ИНТЕЛРОС > №125, 2014 > Горький рафинад В романной мирре Владимира Рафеенко Игорь Бондарь-Терещенко
|
Милый друг!..
...Наблюдая нынешнюю любовь, случившуюся в российской критике к донецкому автору, лауреату «Русской премии» в номинации «Крупная проза», терзаешься смутными сомнениями по поводу ее взаимности.
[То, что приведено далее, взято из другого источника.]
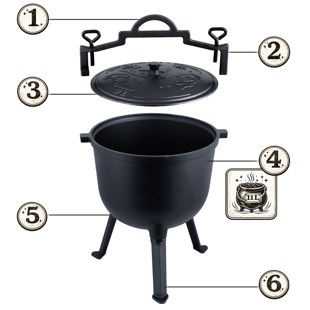 Lijevano željezni kotao, BD-482, 8L | Berdsen je praktična posuda za pripremu obroka na vatri ili roštilju, pogodna za razna kuhanja i druženja na otvorenom. Čvrsta konstrukcija od lijevanog željeza osigurava ravnomjernu raspodjelu topline i dugotrajno zadržavanje topline, zahvaljujući čemu se obroci pripremaju učinkovito i ravnomjerno. Konstrukcija omogućuje korištenje izravno u vatri ili vješanje iznad vatre, dok čvrsti materijali osiguravaju visoku otpornost na temperature i mehanička oštećenja.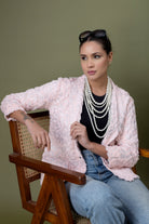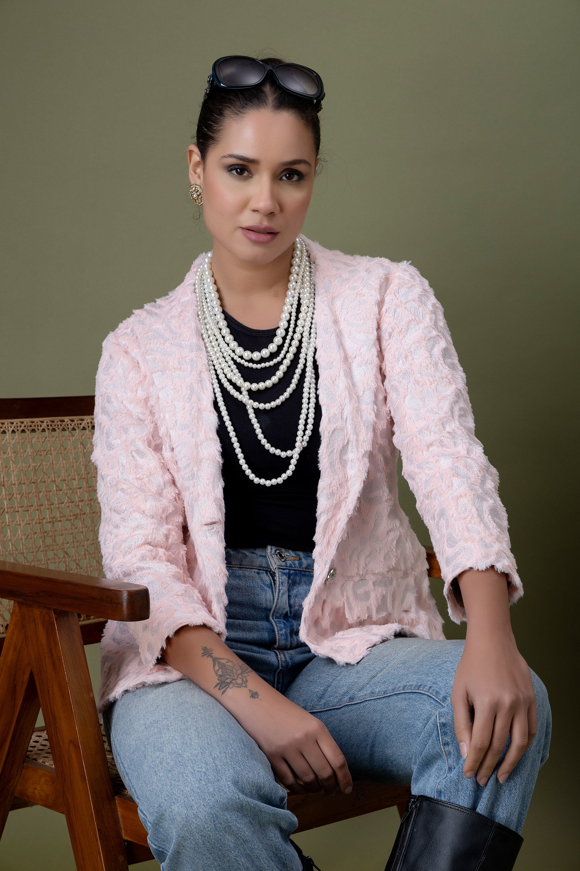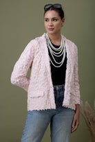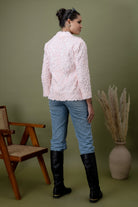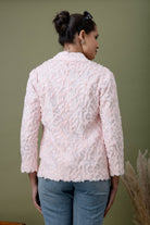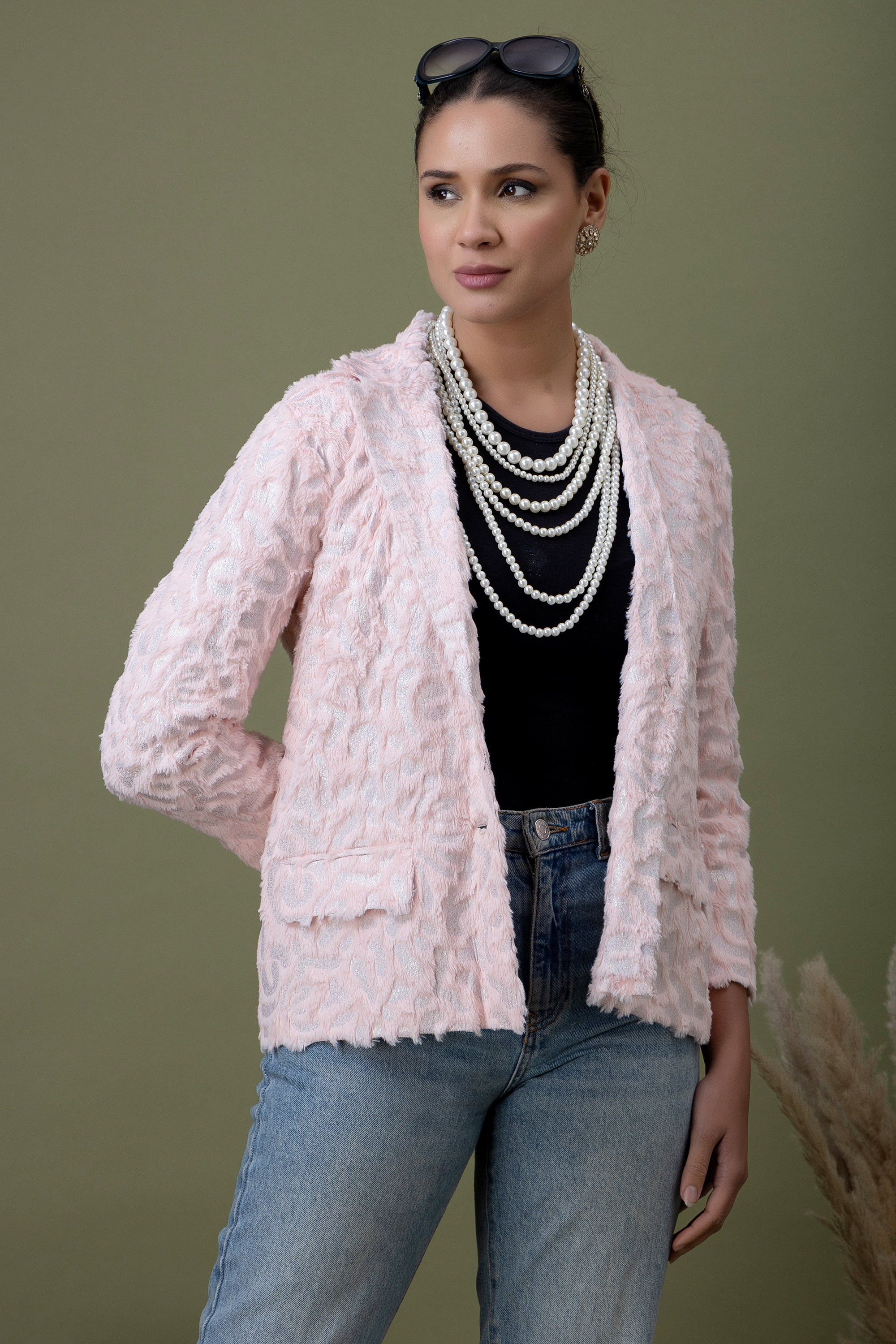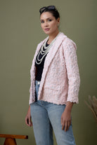 This contemporary pink jacket features a tactile textured finish and clean open-front styling. Lightweight yet statement-worthy, it pairs seamlessly with denim or dresses for elevated everyday dressing.

Нынешнего Владимира Рафеенко вряд ли поймут, ориентируясь лишь на его поздние тексты, а ранние не догонят и не осилят, потому что в них нужно было жить, а не заглатывать задним числом. Его проза в некотором роде безвозвратна, в пику отглагольным наклонениям восторженных рецензентов, в ней, безусловно, есть знаки времени, но уже не чувствителен запах эпохи. Он выветрился для нового поколения читателей, но именно в этом заключается своеобразная маргинальная классичность ситуации. Некогда популярных поэтов Жарова с Уткиным в России и какого-нибудь Антона Дикого в Украине нынче уж никто и не помнит, а маргинального, без единой взрослой книжки Александра Введенского и такого же безлошадного харьковчанина Владимира Свидзинского из той же эпохи 1930-х полагают истинными выразителями своего времени. Григорий Померанц, помнится, писал о том, что русская история пошла не по Солженицыну и Сахарову, а по Ерофееву. То же самое в случае славы, признания и истинного положения дел в системе временных градаций и гуманитарных ценностей наблюдается в случае прозы Владимира Рафеенко.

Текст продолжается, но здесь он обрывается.